We asked our questions, I left there with some odd reassurance that just because she had a mutation with her CDKL5 gene did not mean she would have any of the ugly possible disorders assigned to the gene.
Then I went online and typed in those 5 seemingly innocent letters, that in combination are no better off than a death sentence to a parent of a 2 month old baby. And it was at that moment that I realized, sometimes it is better to be blissfully ignorant...sometimes it is better to not have all the answers, to not know the why." - Originally posted on April 19, 2015
4 years have passed since we were given an answer. An answer that over the years has been used and honestly overly abused to explain why she has seizures, why her stomach doesn't work, why she requires feeds directly into her bloodstream, why her eyes make wonky movements, why she has cortical vision impairment, why she does not sit, why she does not talk, why she does not have functional use of her hands, why she has low tone, why she cannot run outside and play with her siblings, why she does not interact with others in a typical fashion, why she has poor bone mineralization, why she is failure to thrive, and why one day I will have to bury my daughter.
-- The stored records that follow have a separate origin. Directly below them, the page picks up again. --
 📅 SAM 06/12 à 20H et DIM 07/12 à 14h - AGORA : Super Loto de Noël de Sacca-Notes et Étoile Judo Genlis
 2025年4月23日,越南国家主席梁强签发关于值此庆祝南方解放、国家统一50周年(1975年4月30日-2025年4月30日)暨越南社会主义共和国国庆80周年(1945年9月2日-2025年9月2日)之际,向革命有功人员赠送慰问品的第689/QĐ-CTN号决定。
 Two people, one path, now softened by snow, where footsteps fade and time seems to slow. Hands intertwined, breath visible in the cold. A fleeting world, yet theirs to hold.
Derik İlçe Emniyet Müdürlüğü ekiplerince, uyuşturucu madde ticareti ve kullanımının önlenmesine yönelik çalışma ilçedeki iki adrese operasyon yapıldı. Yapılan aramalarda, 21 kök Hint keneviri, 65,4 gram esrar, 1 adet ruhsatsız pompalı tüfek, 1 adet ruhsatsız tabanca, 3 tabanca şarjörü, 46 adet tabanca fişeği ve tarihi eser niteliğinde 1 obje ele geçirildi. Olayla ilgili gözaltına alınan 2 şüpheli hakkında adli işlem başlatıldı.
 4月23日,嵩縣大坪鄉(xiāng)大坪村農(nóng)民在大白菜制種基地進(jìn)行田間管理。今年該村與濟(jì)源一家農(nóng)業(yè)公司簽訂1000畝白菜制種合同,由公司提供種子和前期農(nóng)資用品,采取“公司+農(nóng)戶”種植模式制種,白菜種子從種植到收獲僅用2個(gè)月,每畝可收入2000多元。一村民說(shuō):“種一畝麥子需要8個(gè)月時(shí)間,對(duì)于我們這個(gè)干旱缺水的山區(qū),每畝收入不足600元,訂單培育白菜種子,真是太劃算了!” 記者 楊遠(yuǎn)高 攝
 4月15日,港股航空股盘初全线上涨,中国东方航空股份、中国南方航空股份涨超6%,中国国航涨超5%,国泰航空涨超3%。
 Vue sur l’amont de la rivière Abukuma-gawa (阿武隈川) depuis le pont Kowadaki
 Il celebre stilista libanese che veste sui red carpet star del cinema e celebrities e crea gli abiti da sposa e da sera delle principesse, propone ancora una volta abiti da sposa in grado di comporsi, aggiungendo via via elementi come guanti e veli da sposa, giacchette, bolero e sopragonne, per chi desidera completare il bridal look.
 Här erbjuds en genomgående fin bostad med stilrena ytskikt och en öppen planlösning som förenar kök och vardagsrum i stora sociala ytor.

I wish the diagnosis had explained why it had to be her, the best way to treat all of the problems it has brought into her life, and at the very least given her a voice to let us know if she agrees with our management decisions, how the medications make her feel, if we truly are giving her a better quality of life, if the procedures have been worth it, and if she wants us to keep doing what we are doing.
I have found myself wondering over these past 4 years, what good has knowing the cause actually done for her? We dove right in thinking knowing when she was 8 weeks old would actually make a difference for her. We clung to the (few) children we saw crawling, walking, and saying words, whose parents said that intensive therapy is what made the difference. I convinced myself that Sonzee was young enough, surely she could beat the odds. Except over these past 4 years, I have learned that no amount of intensive therapies, money, will power or determination can compete with her specific mutation. It's helped our family cope, but it hasn't healed our hearts.
While we have spent 4 years gaining an extended family that stretches around the entire world, we have mourned the loss of TOO MANY siblings. We have spent 4 years knowing that there is no cure, that there is no specific medication or treatment that can replace her mutated CDKL5 gene, that there is no way to stop her intractable epilepsy, and that there is absolutely nothing we can do to ease any of this for her. We have spent 4 years clinging to hope of what I am not even exactly sure, but I suppose hope that all of this will change?
Of all the answers that we were given on April 16, 2015, I wish one of them had been, the results of the infant and child epilepsy panel did not yield any results.